Hong Kong Golf Club saves Open from the scrapheap
HKGC injects the lion's share of the US$1.3 million prize money to keep the event going

The star-less Hong Kong Open might have been cancelled but for the Hong Kong Golf Club’s decision to put up a “major share” of the prize money, the top official at the Fanling club has revealed.
Sidney Cheng, the club captain, insisted it had nothing to do with trying to get into the good books of the public – the course faces an uncertain future with the government looking at ploughing it up for housing.
“If we hadn’t stepped in, the Hong Kong Open was in danger of not being held,” Cheng said. “We came up with a major portion of the US$1.3 million prize money because from our point of view it was important that this tournament continues.

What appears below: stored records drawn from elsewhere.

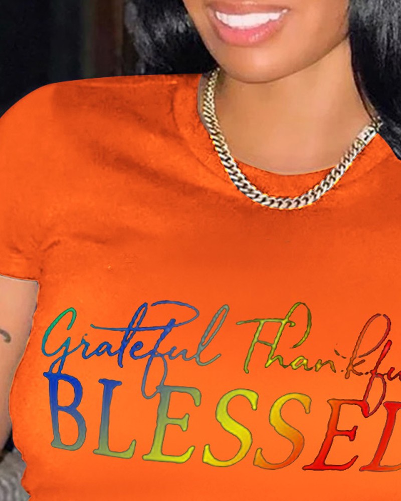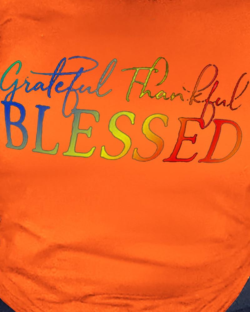 Grateful Thankful Blessed Ombre Letter Print Casual T shirt
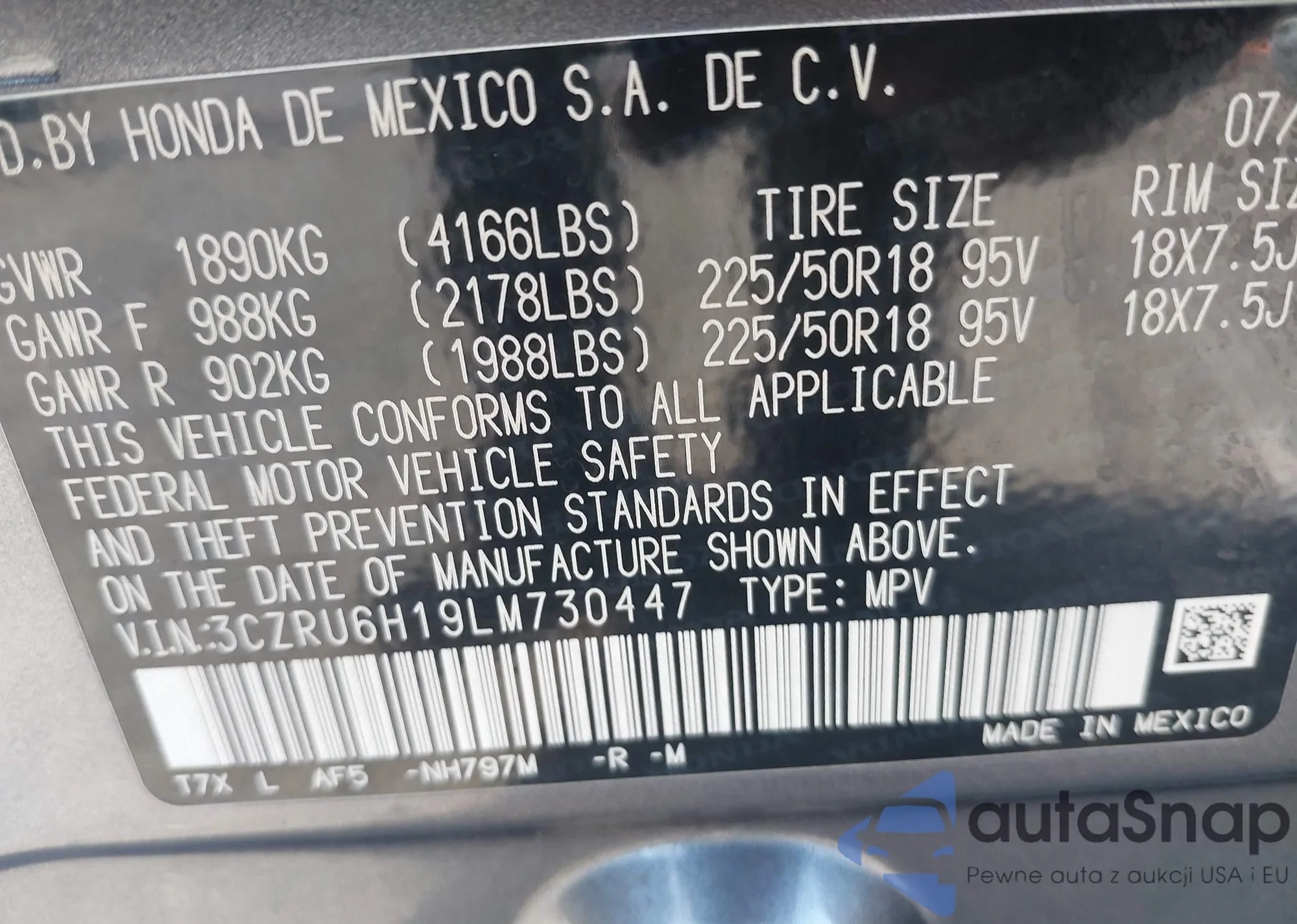 LOT: 43703275 VIN: 3CZRU6H19LM730447
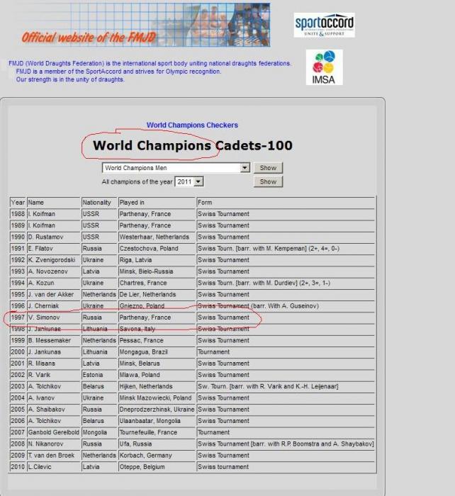 Сейчас существует много разновидностей этой игры, мои основные достижения относятся к международным шашкам (они же 100-клеточные). В них играет большинство стран нашей планеты. В России, конечно, больше распространены русские шашки (64-клетки), с них все начинают, в них можно играть шахматными фигурами на шахматной доске. Начинал с них и я.
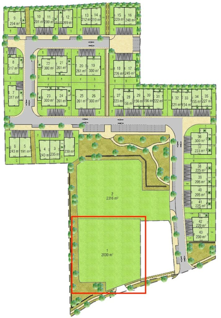 Dans un lotissement neuf, visible depuis un axe passant terrain construcible de 2000 m2 à vendre.
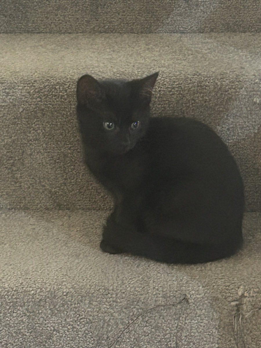 With his shiny black fur and bright, curious eyes, Midnight is a stunning little kitten who's sure to capture your heart.
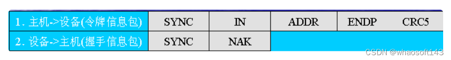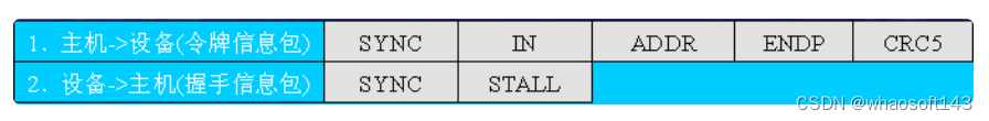 令牌包阶段——主机发送一个PID为IN的输入包给设备,通知设备要往主机发送数据;
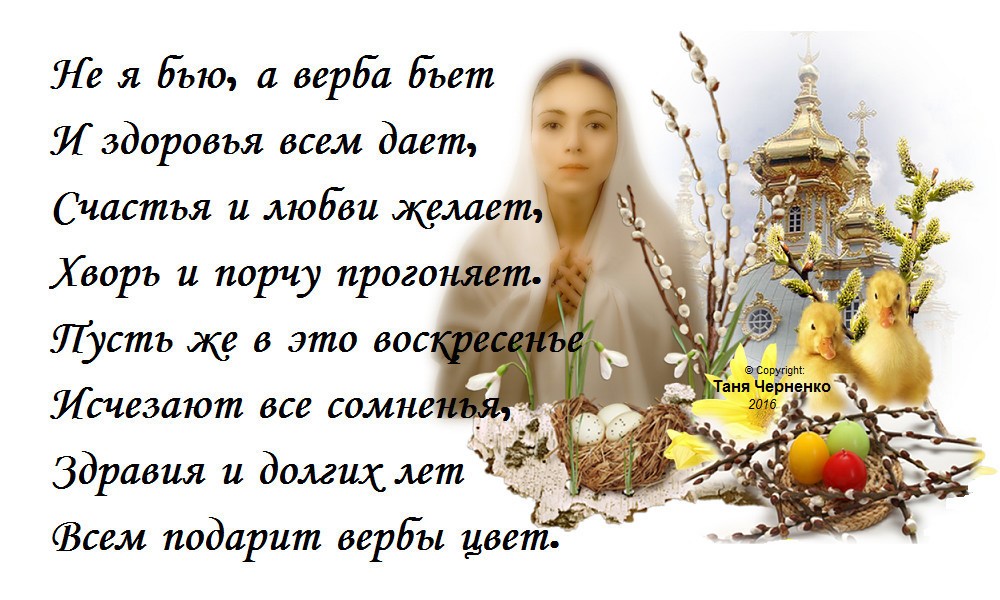Просыпается мир, просыпается природа, просыпается сама жизнь и распускаются вербы. Души людей, умываются весенними дождями и в этот святой праздник становятся чище и радостнее. Я пожелать вам хочу, чтобы каждый из вас впустил в сердце любовь ко всему живому. Возрадуйтесь новой весне и новым событиям. Принимайте, все, что посылает вам бог с благодарностью. Пускай удача всегда и во всем сопутствует вам, а молитва всегда помогает. С праздником Вербного Воскресения!
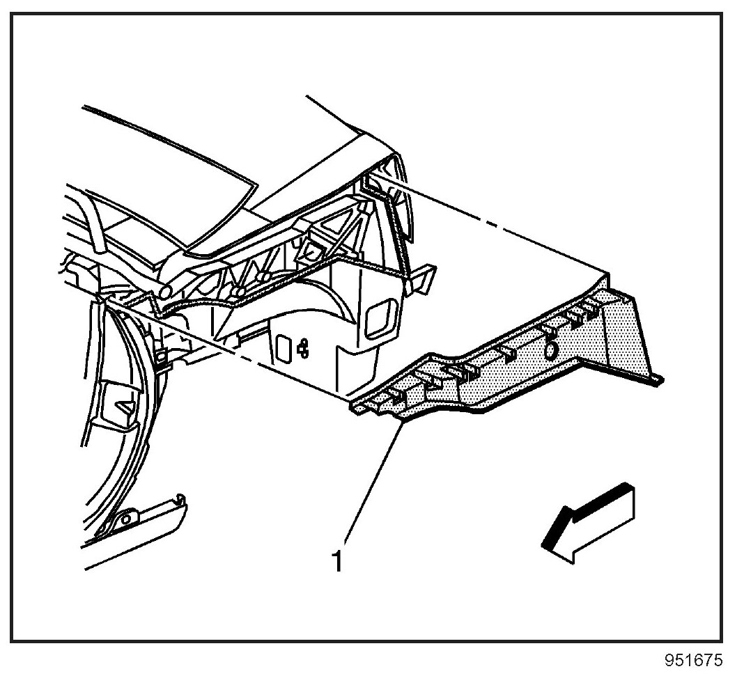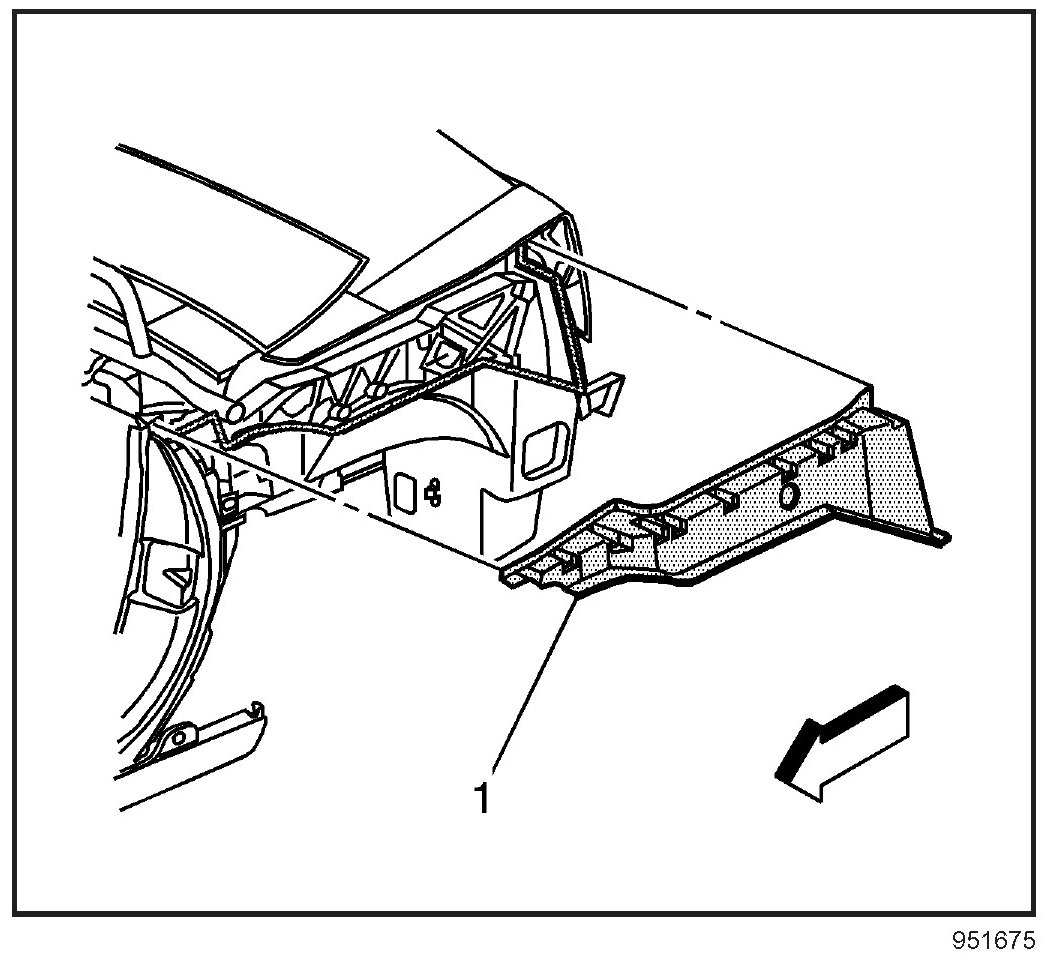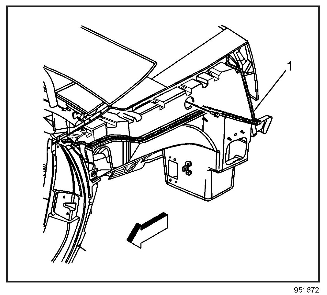 3. Apply a consistent bead of structural adhesive (1) 10 mm (3/8 in) in diameter to the rear structure to mate with the rear compartment frame. Refer to Sheet Molded Compound (SMC) Panel Bonding.

“Our involvement [financially] for the first time in this event has nothing to do with what went on with the government regarding our lease. That had no part at all and it was just the timing of the tournament failing to secure a title sponsor. These were two separate issues totally,” said Cheng, speaking for the first time on the contentious issue.
In July, Secretary for Development Paul Chan Mo-po said there was scope for reviewing the use of the 170 hectares of land at Fanling occupied by the club, the host since 1959 of Asia’s oldest professional golf tournament.
The existing lease runs until 2020 and Cheng was adamant the club and the Open were safe until then.